I walked in the local chain parts store for ATF. Felt like a total idiot. In my professional life, we didn’t go by type. I repaired foreign cars. We ordered OE for each application. We we sponsored by the dealer and we’re expected to use OE fluids only. We went by part numbers I haven’t owned many autos for myself. Mostly old beaters with manual trans. When I needed fluid a few months ago for my th400, there was these shelves full of everything but what I remember using in the past. Old Fords got type F, GMs got Dex. Had to get my phone out and google which fluid for the th400.
I have a case of A I’ll probably never use…it will go to a swap meet if I ever get to the Long Beach HIPO to sell.
Don't know if it is true but I was told Ford droped type F because of the loss of the uses of Asbestos in clutches.
Walmart is a good source. They actually have a fairly robust supply of Type F, Mercon/Dexron, AFT+4, etc, and keep it stocked. People will shit on the SuperTech brand because it comes from Walmart and is synonymous with cheap Chinese-made garbage, but I've watched plenty of tests on YouTube where the SuperTech, as well as the Amazon Essentials brands, perform as good or better than name brand products.
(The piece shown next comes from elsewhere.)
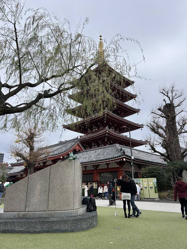 센소지 절에서 유명한 건 다른 편 마당의 오층탑으로, 942년에 세운 것이란다. 하지만 이 오층탑도 화재와 전쟁 등으로 여러 차례 소실돼 1648년에 재건했고, 이어 2차 세계대전 때 또다시 소실돼 1973년에 콘크리트 구조로 다시 재건했다 한다.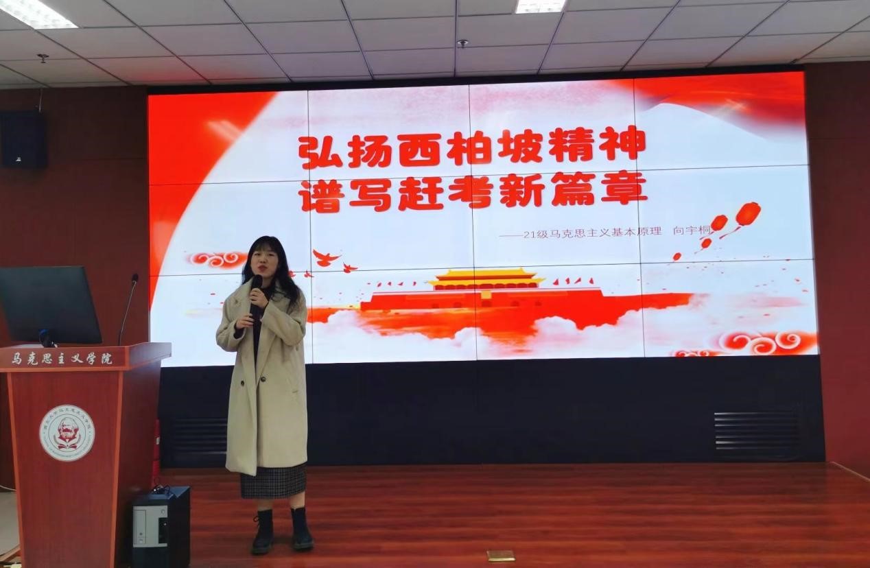 此次微党课比赛为学生党员搭建了良好的实践平台,通过参赛者生动讲述党史上的英雄人物和感人故事,让广大学子深刻感受到了中国共产党百年来的苦难与辉煌,体会到党百年奋斗取得伟大成就的来之不易。此次活动既是一次讲课比赛,更是一次对参赛者心灵的洗礼,进一步坚定了青年党员“听党话、跟党走”的理想信念,激发了马院青年勇担时代重任,投身时代洪流,为建设社会主义现代化国家不懈奋斗的强大动力。

WHAT IS DEXTRON? Dextron is used to treat hypovolemia (decreased volume of circulating blood plasma), that can result from surgery, trauma or injury, severe burns, or other causes of bleeding. More: https://www.ndrugs.com/?s=dextron
When I got my degree in Automotive Maintenance Technology, we were told Ford started using Type F because it allowed them to use one less clutch plate in each pack. Type F has a higher coefficient of friction than than Dexron, so they say. When I was bracket racing, I used THM 350 and 400, I used Type F because the word on the street was that this is what B&M Trickshift fluid was. F didn’t cost any more than Dexron, and I never had trouble with the racing transmissions. I would still use F if I had an automatic in a hot Rod.